A bench of Justices Surya Kant and Joymalya Bagchi that this court had previously in 2016 directed restoration of land to the original landowners/cultivators by the state within a period of 12 weeks.
The court noticed the apex court's 2016 verdict in Kedar Nath Yadav's case that quashed the land acquisition proceedings for establishing the manufacturing plant of Tata Motors.
The bench said the 2016 judgement was anchored on the premise that the acquisition disproportionately affected vulnerable communities lacking financial resources and institutional access to challenge governmental action.
Giving a relief to the West Bengal government, the bench said, "Extraordinary judicial intervention is warranted when systemic barriers prevent certain classes from accessing ordinary remedies, not when parties possess adequate means to vindicate their rights. Relief conceived to prevent impoverishment among the disadvantaged cannot extend to commercial enterprises with financial capacity and institutional sophistication."
The West Bengal government challenged the Calcutta High Court order of October 11, 2018 that had directed the state to restore 28 bighas of land, including all structures, to M/s Santi Ceramics Private Limited, which was operating a manufacturing facility in Singur for the production of ceramic electrical insulators prior to the 2006 land acquisition process for Tata's Nano project.
The bench, which set aside the high court order, said the remedy provided by this court addressed the structural vulnerability as the apex court in 2016 identified poor agricultural workers as the weakest sections of society.
"Subsistence farmers dependent entirely on inherited land face destitution when acquisition bypasses mandatory safeguards— they possess no alternative livelihood, lack resources to navigate administrative procedures or afford prolonged litigation. The remedy provided by this court addressed this structural vulnerability," it said.
The bench further said that Santi Ceramics, despite possessing financial resources and institutional access, never pursued the appellate remedies available under the law and accepted the entire compensation amount of around Rs 14 lakh without protest and remained passive while farmers pursued litigation for over a decade.
After having chosen not to contest the acquisition through available statutory mechanisms, respondent No. 1 now seeks the same relief that was granted to disadvantaged communities through PIL— a classic free-rider problem that judicial remedies cannot encourage, the bench said.
"Permitting industrial entities to claim restoration benefits from litigation they chose not to pursue would establish an undesirable precedent," the bench said.
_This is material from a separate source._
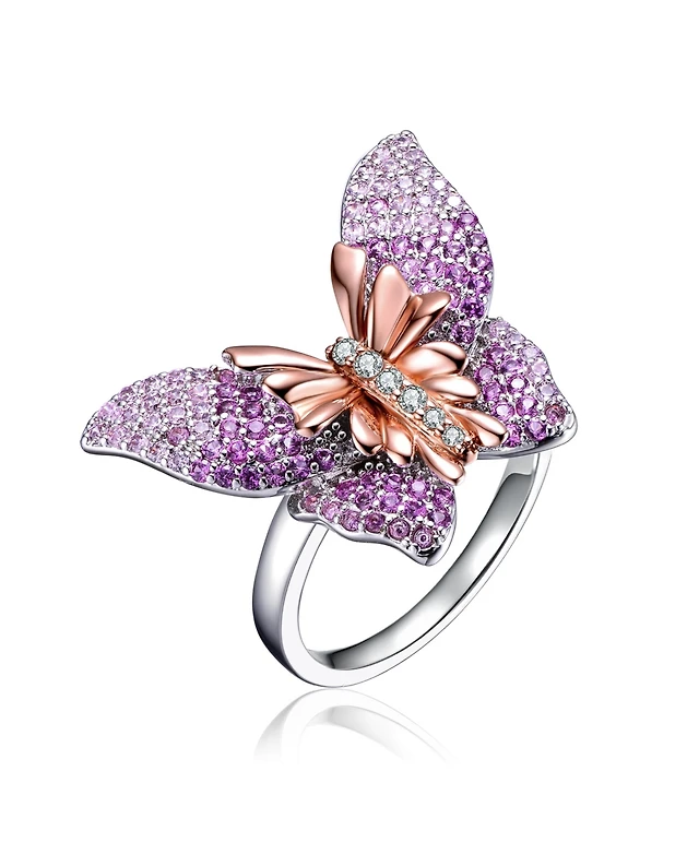 Ra 18K Rose Gold Plated Multi Color Cubic Zirconia Butterfly Ring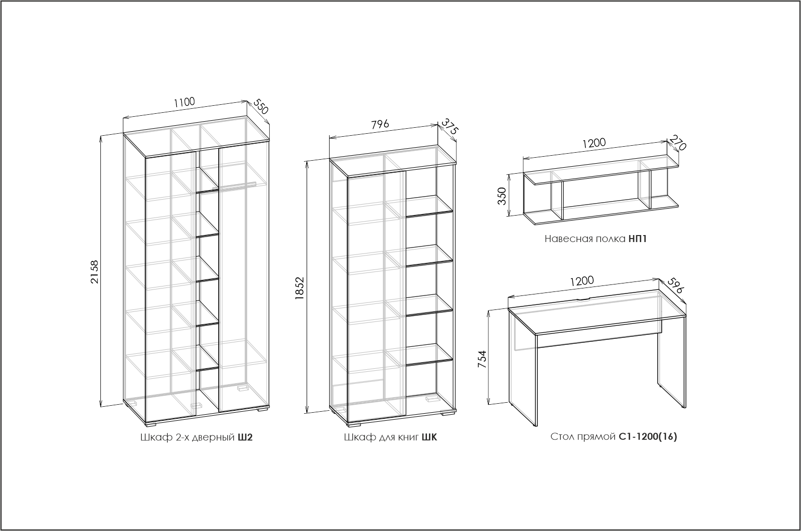 Внимание! Распределительная нагрузка на навесные полки не должна превышать - 10 кг.

The court held such an approach would incentivize strategic inaction, encouraging parties to remain dormant during protracted litigation only to emerge as claimants after favourable outcomes are secured by others.
"This would undermine both the targeted nature of remedial relief and the fundamental principle that legal benefits flow from active pursuit of remedies, not passive opportunism," the bench said.
The court also noted nearly two decades have elapsed since the acquisition. Following TATA Motors' withdrawal of the project in 2010, the acquired land vested back with the appellants free from all encumbrances.